Г.К. - Год с лишним тому назад поместили на сайте интервью с бывшим кадровым красноармейцем призыва 1939 года из 1-й Пролетарской мотострелковой дивизии, артиллеристом-связистом, участником парада Победы в 1945 году, сержантом Львом Марковичем Полонским. Интервью большое и подробное, и в нем он очень много рассказывает о своей довоенной службе в этой отборной, лучшей дивизии РККА. А чем Вам запомнилась довоенная служба?
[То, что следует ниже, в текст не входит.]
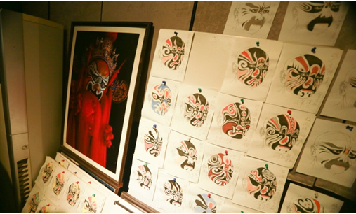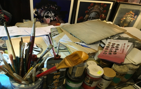 在甘熙故居的一间工作室里,一位老先生正专心地进行着脱胎脸谱创作,一笔一勾勒,一点一神韵,一张张脸谱在老人的笔下充满了灵气,集聚了世间百态。工作台上罗列着各色颜料罐以及各类笔刷,手头还有纸上的铅笔草稿和未完成的几个脸谱模子。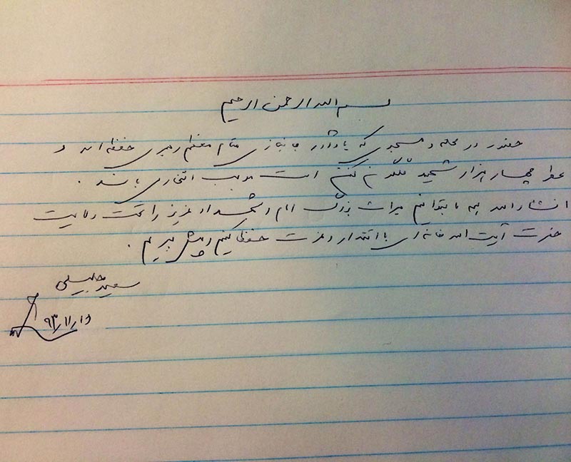 دکتر سعید جلیلی که روز پنج شنبه در مسجد ابوذر واقع در جنوب غربی تهران حاضر شده بود، پس از سخنرانی در جمع مردم چندخطی در دفتر یادبود مسجد ابوذر به رسم یادگار نوشت.

Э.Ф. - Если мой однополчанин Полонский все рассказал подробно и детально, то я буду краток. Попал служить пехотинцем в 175-й Стрелковый Полк этой дивизии, который размещался в "Красных казармах", которые также называли "Красноперекопскими".В отделении подобрались все грамотные, образованные красноармейцы, был даже один кандидат химических наук. Наш общий взводный "образовательный ценз" не давал покоя помкомвзвода Потапову, человеку с четырехклассным образованием, маленького роста, со шрамом на лбу, который нам часто говорил напрямую - "Вы о себе много не думайте, я из вас всю дурьвыбью!". Боевой подготовкой мы занимались постоянно, но перед праздничными парадами на Красной площади тренировки по строевой начинались за два месяца до парада. Впервые я участвовал в параде после года армейской службы, 7/11/1940, уже будучи командиром отделения. Зимой мы находились в лагерях в Алабино, в полевой обстановке, жили в землянках, а утром пилили замерзший хлеб пилой - буханку на троих. Лыжные 20 -километровые кроссы были для нас вполне обыденной вещью. Летние лагерные сборы начинались в мае и на них нас гоняли "будь здоров", марш - броски по 20-30 километров с полной выкладкой в один конец, за Наро-Фоминск . Такие броски у нас назывались "кругосветкой" . На тебе винтовка, шинельная скатка, ранец, сумка с противогазом, шанцевый инструмент, каска, да еще могли тебе "пристроить на спину" ротный миномет в специальном ранце, а это еще 24 килограмма, и... "Бегом, марш!". И ничего, все выдерживали.
В июне 1941 года я уже был на дивизионных курсах по подготовке взводных командиров, готовился к сдаче экстерном экзаменов на звание младшего лейтенанта.
Г.К. - Как Вы лично восприняли сообщение о начале войны?
Э.Ф. - Для меня лично это было в какой-то степени неожиданностью, я не думал, что война случится так скоро. 22/6/1941 мы были в алабинских лагерях, и на 12-00 нам объявили полковой смотр на плацу, и именно здесь мы узнали о начале войны. Вечером того же дня, мы, на электричках, были направлены в Москву, вернулись в казармы, а уже на рассвете следующего дня нас разбудила воздушная тревога.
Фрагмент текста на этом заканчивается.